# [TO DO]
In your copy, leave out the pictures; write out all the data exactly.

# [TASK MATERIAL]

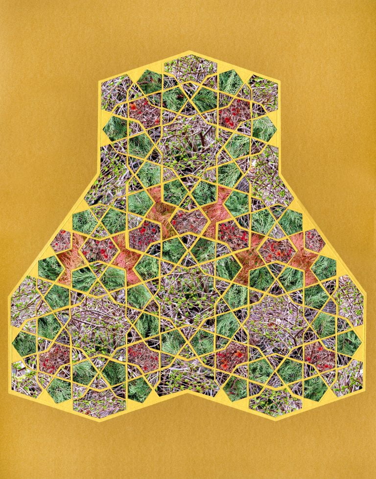 Near and Far is a series of photo collages. Using geometric patterns common in Islamic art and architecture from the Middle East and North Africa as inspiration, the collages combine original photographs of both Iranian and American landscapes.
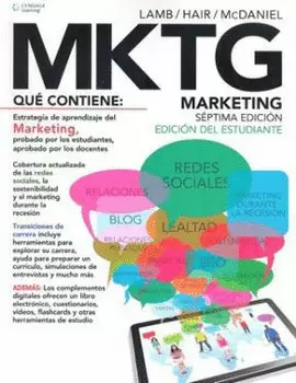 MKTG Marketing, séptima edición, es una solución de 4LTR Press, lo que garantiza el éxito de la actividad "enseñanza-aprendizaje", al ser "Probado por los estudiantes, aprobado por los docentes". Esta solución, conformada por el libro impreso, tarjetas de repaso, CourseMate y el libro Electrónico interactivo; proporciona el conocimiento básico y fundamental de Marketing, ya que presenta las bases que tiene esta disciplina, su enfoque, sus objetivos, las problemáticas que resuelve, el perfil y la visión que deben tener quienes la ejercen y por supuesto, las ramas en las que basa su trabajo; que en conjunto se denomina "Mix de Marketing" (Producto, Plaza, Promoción y Precio). Cada uno de estos elementos tiene destinada una parte del libro para ser abordado. MKTG7, es una solución ideal para enseñar y aprender, "Fundamentos de Marketing", debido a la experiencia de los autores para transmitir sus conocimientos, en combinación con la integración de las tendencias del marketing, el papel de los medios sociales y el estudio de diversos ejemplos reales de empresas que aplicaron alguna estrategia de marketing mediante las cuales lograron sus objetivos.
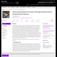 1. This article discusses the development of a silicon optical phased array with a 180-degree field of view for 2D optical beam steering.
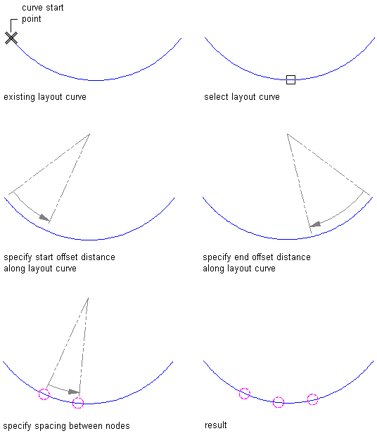 | Repeat nodes at fixed intervals along the curve | enter r (Repeat). Specify the start and end offsets of the first and last nodes, and specify the spacing between nodes. |
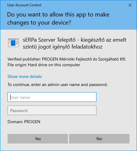 Ez esetben az Install_Elevated.exe rendszergazda jogosultságú felhasználótól jogosultsági szint emelést, míg normál felhasználótól rendszergazda jogosultságú fiókot kér be a szokásos Windows jelszókérő ablakban.
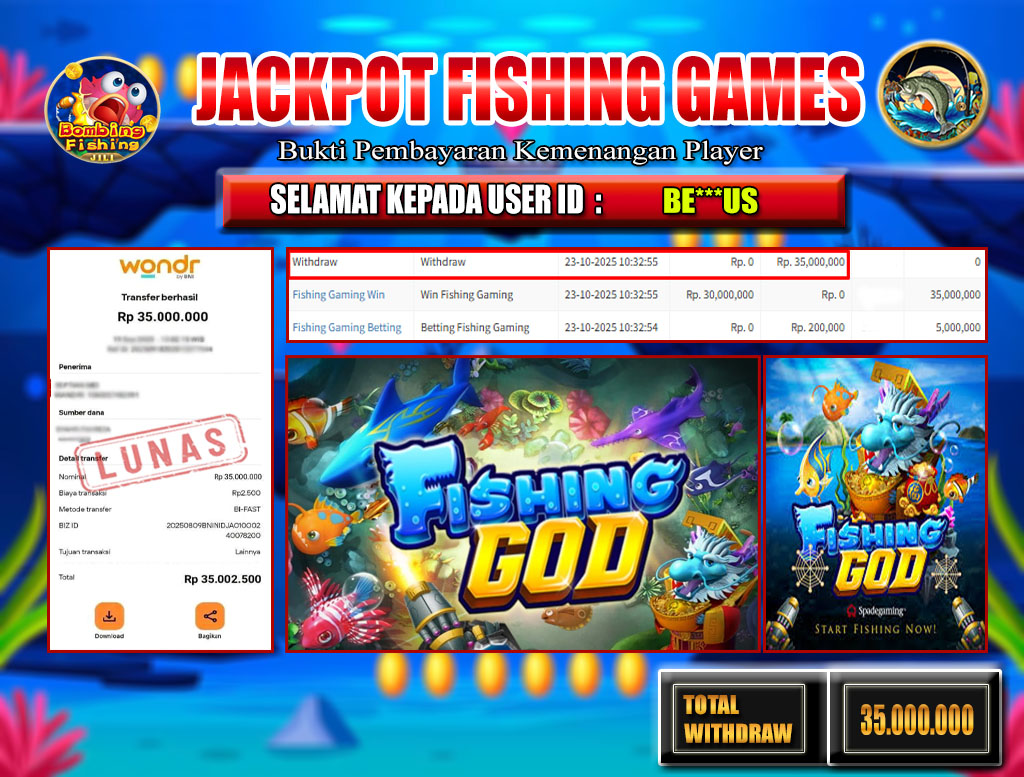 BRI303 JACKPOT FISHING GAMES 23 OKTOBER 2025 Rp.35.000.000,- LUNAS
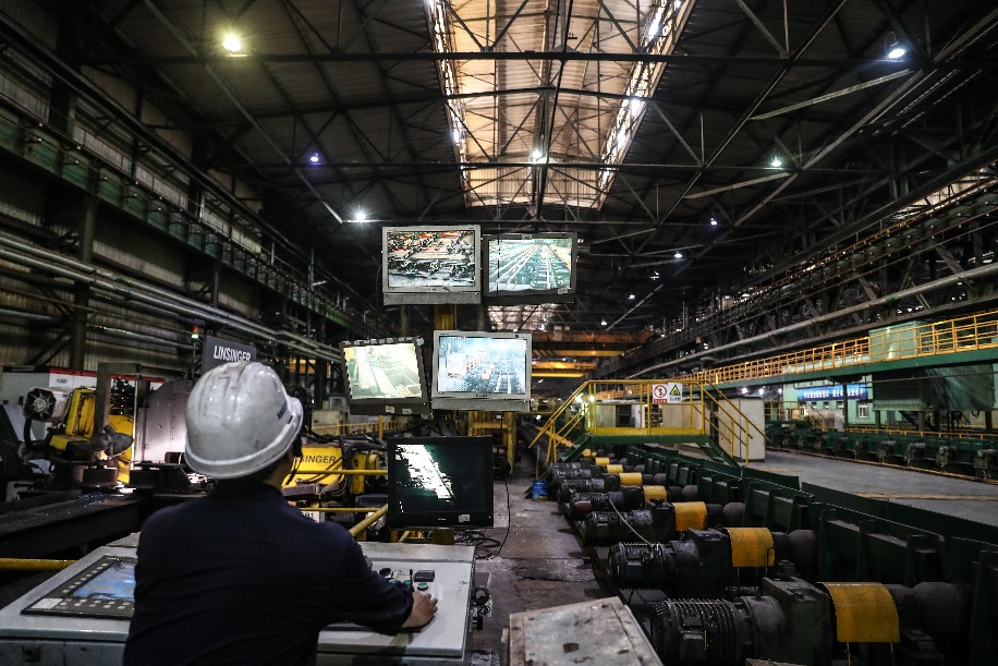 A worker supervises the production of steel rails at a plant of Ansteel Group Co., Ltd. in Anshan, northeast China's Liaoning Province, July 5, 2019. (Xinhua/Pan Yulong)
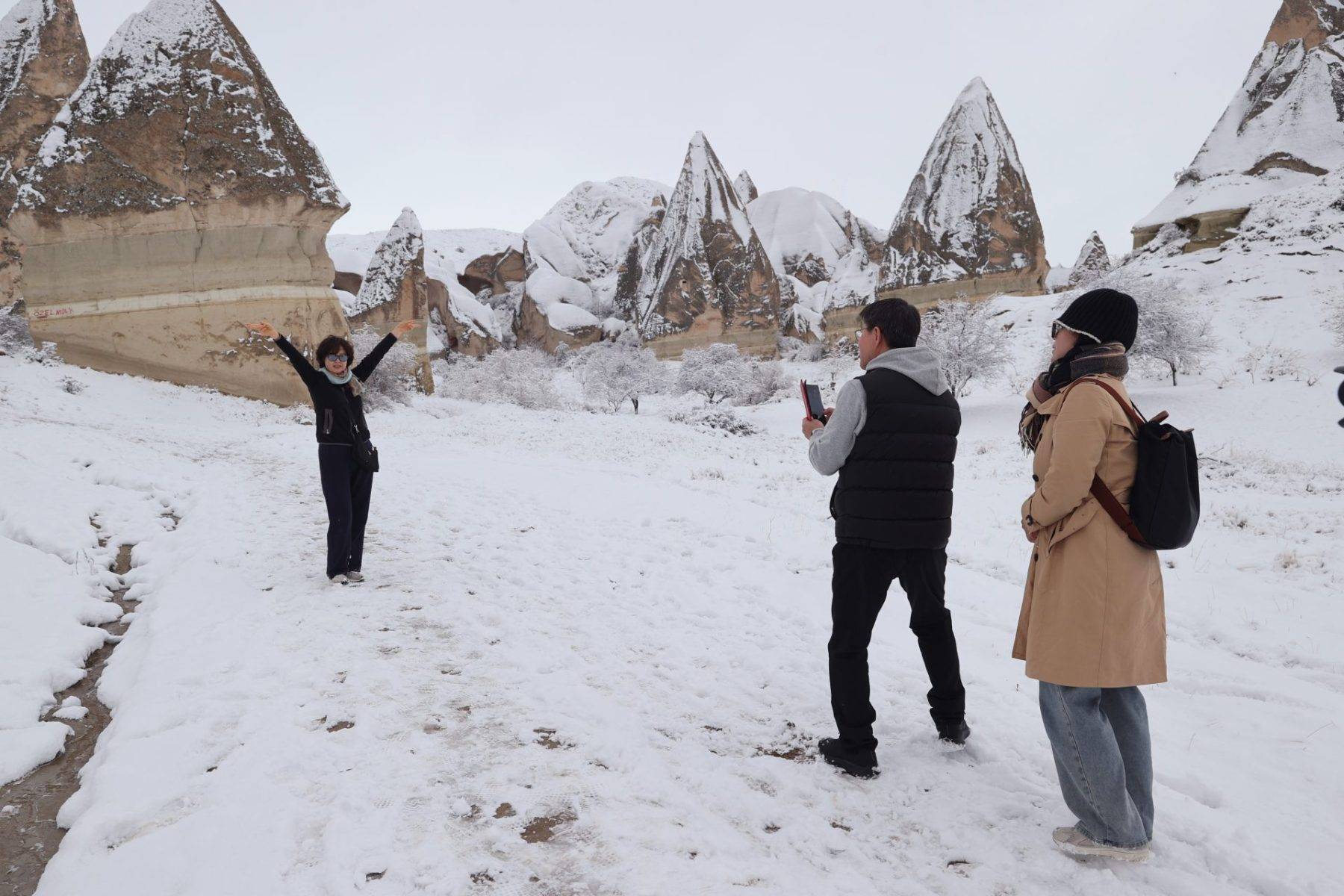 Çinli turist Lin Hua Ma, seyahate başlarken karlı bir Kapadokya görmeyi hayal ettiğini ve arzusuna kavuştuğunu belirterek, “Burada peri masalının içinde gibiyim. Her yer çok güzel görünüyor. Yaşadığım yere göre manzarası çok daha geniş. Kar ve Kapadokya harika.” dedi.

# [THE ANSWER]
 Near and Far is a series of photo collages. Using geometric patterns common in Islamic art and architecture from the Middle East and North Africa as inspiration, the collages combine original photographs of both Iranian and American landscapes.
 MKTG Marketing, séptima edición, es una solución de 4LTR Press, lo que garantiza el éxito de la actividad "enseñanza-aprendizaje", al ser "Probado por los estudiantes, aprobado por los docentes". Esta solución, conformada por el libro impreso, tarjetas de repaso, CourseMate y el libro Electrónico interactivo; proporciona el conocimiento básico y fundamental de Marketing, ya que presenta las bases que tiene esta disciplina, su enfoque, sus objetivos, las problemáticas que resuelve, el perfil y la visión que deben tener quienes la ejercen y por supuesto, las ramas en las que basa su trabajo; que en conjunto se denomina "Mix de Marketing" (Producto, Plaza, Promoción y Precio). Cada uno de estos elementos tiene destinada una parte del libro para ser abordado. MKTG7, es una solución ideal para enseñar y aprender, "Fundamentos de Marketing", debido a la experiencia de los autores para transmitir sus conocimientos, en combinación con la integración de las tendencias del marketing, el papel de los medios sociales y el estudio de diversos ejemplos reales de empresas que aplicaron alguna estrategia de marketing mediante las cuales lograron sus objetivos.
 1. This article discusses the development of a silicon optical phased array with a 180-degree field of view for 2D optical beam steering.
 | Repeat nodes at fixed intervals along the curve | enter r (Repeat). Specify the start and end offsets of the first and last nodes, and specify the spacing between nodes. |
 Ez esetben az Install_Elevated.exe rendszergazda jogosultságú felhasználótól jogosultsági szint emelést, míg normál felhasználótól rendszergazda jogosultságú fiókot kér be a szokásos Windows jelszókérő ablakban.
 BRI303 JACKPOT FISHING GAMES 23 OKTOBER 2025 Rp.35.000.000,- LUNAS
 A worker supervises the production of steel rails at a plant of Ansteel Group Co., Ltd. in Anshan, northeast China's Liaoning Province, July 5, 2019. (Xinhua/Pan Yulong)
 Çinli turist Lin Hua Ma, seyahate başlarken karlı bir Kapadokya görmeyi hayal ettiğini ve arzusuna kavuştuğunu belirterek, “Burada peri masalının içinde gibiyim. Her yer çok güzel görünüyor. Yaşadığım yere göre manzarası çok daha geniş. Kar ve Kapadokya harika.” dedi.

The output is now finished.